◆ **Problem statement**
Each entry must be given again exactly; images do not belong in the copy.

Start of Task material

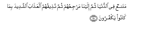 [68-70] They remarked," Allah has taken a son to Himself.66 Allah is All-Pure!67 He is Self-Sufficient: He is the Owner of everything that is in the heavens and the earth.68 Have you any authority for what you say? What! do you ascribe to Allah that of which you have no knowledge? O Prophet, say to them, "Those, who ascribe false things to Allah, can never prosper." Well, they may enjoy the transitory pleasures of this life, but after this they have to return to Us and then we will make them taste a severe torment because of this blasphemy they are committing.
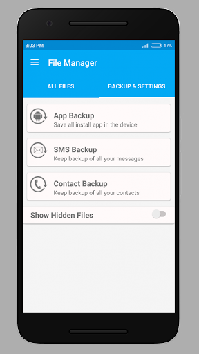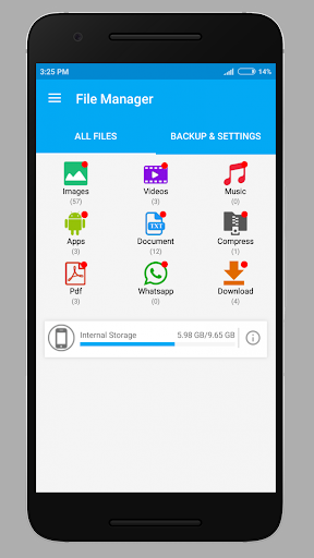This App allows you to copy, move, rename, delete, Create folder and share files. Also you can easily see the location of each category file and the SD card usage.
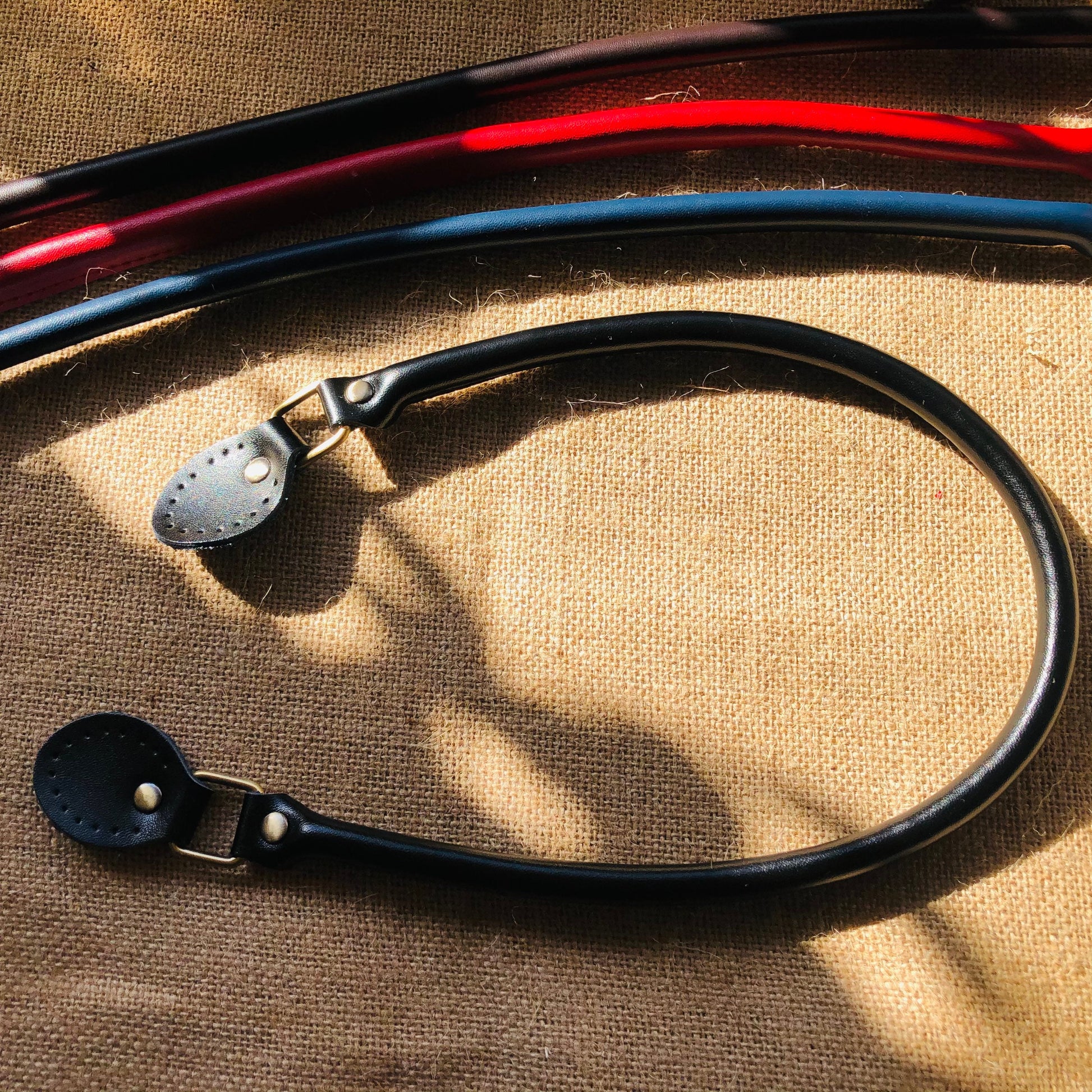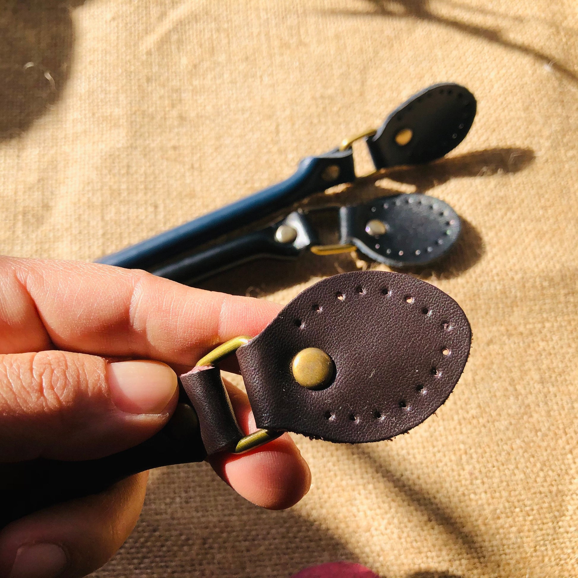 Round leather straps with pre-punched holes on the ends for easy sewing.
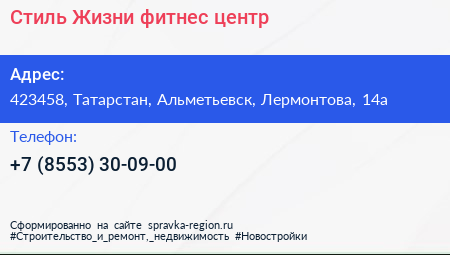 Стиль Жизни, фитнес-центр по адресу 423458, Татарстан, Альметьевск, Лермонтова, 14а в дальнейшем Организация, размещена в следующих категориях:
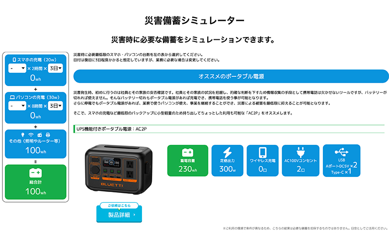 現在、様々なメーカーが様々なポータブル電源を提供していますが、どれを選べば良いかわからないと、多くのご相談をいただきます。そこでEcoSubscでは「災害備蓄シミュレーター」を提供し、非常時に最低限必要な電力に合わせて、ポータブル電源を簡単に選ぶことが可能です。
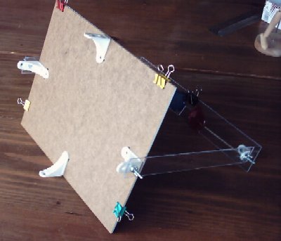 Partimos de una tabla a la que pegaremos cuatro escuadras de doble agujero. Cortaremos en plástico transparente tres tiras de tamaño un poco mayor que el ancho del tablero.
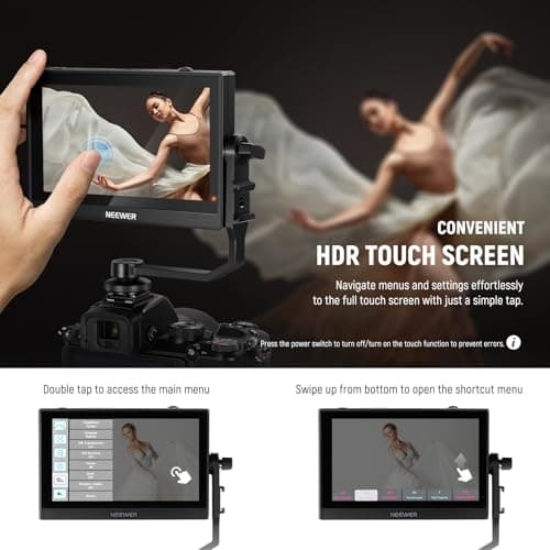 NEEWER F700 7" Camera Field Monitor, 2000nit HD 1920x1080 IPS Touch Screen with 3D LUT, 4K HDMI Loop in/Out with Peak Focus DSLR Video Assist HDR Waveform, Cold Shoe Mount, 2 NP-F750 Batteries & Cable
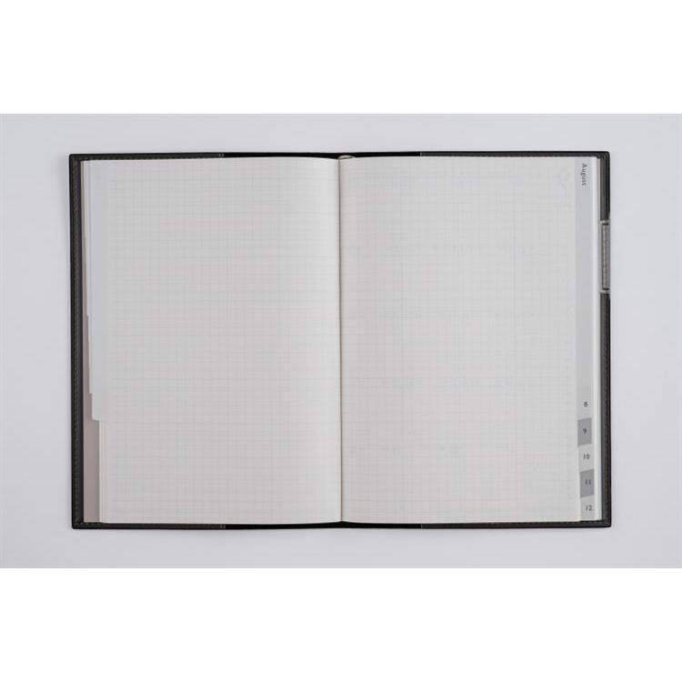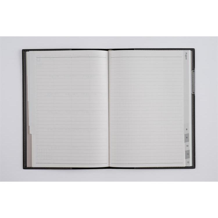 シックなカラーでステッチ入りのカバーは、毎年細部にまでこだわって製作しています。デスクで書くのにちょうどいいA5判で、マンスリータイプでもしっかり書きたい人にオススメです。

End of Task material

◆ **Your response**
 [68-70] They remarked," Allah has taken a son to Himself.66 Allah is All-Pure!67 He is Self-Sufficient: He is the Owner of everything that is in the heavens and the earth.68 Have you any authority for what you say? What! do you ascribe to Allah that of which you have no knowledge? O Prophet, say to them, "Those, who ascribe false things to Allah, can never prosper." Well, they may enjoy the transitory pleasures of this life, but after this they have to return to Us and then we will make them taste a severe torment because of this blasphemy they are committing.
This App allows you to copy, move, rename, delete, Create folder and share files. Also you can easily see the location of each category file and the SD card usage.
 Round leather straps with pre-punched holes on the ends for easy sewing.
 Стиль Жизни, фитнес-центр по адресу 423458, Татарстан, Альметьевск, Лермонтова, 14а в дальнейшем Организация, размещена в следующих категориях:
 現在、様々なメーカーが様々なポータブル電源を提供していますが、どれを選べば良いかわからないと、多くのご相談をいただきます。そこでEcoSubscでは「災害備蓄シミュレーター」を提供し、非常時に最低限必要な電力に合わせて、ポータブル電源を簡単に選ぶことが可能です。
 Partimos de una tabla a la que pegaremos cuatro escuadras de doble agujero. Cortaremos en plástico transparente tres tiras de tamaño un poco mayor que el ancho del tablero.
 NEEWER F700 7" Camera Field Monitor, 2000nit HD 1920x1080 IPS Touch Screen with 3D LUT, 4K HDMI Loop in/Out with Peak Focus DSLR Video Assist HDR Waveform, Cold Shoe Mount, 2 NP-F750 Batteries & Cable
 シックなカラーでステッチ入りのカバーは、毎年細部にまでこだわって製作しています。デスクで書くのにちょうどいいA5判で、マンスリータイプでもしっかり書きたい人にオススメです。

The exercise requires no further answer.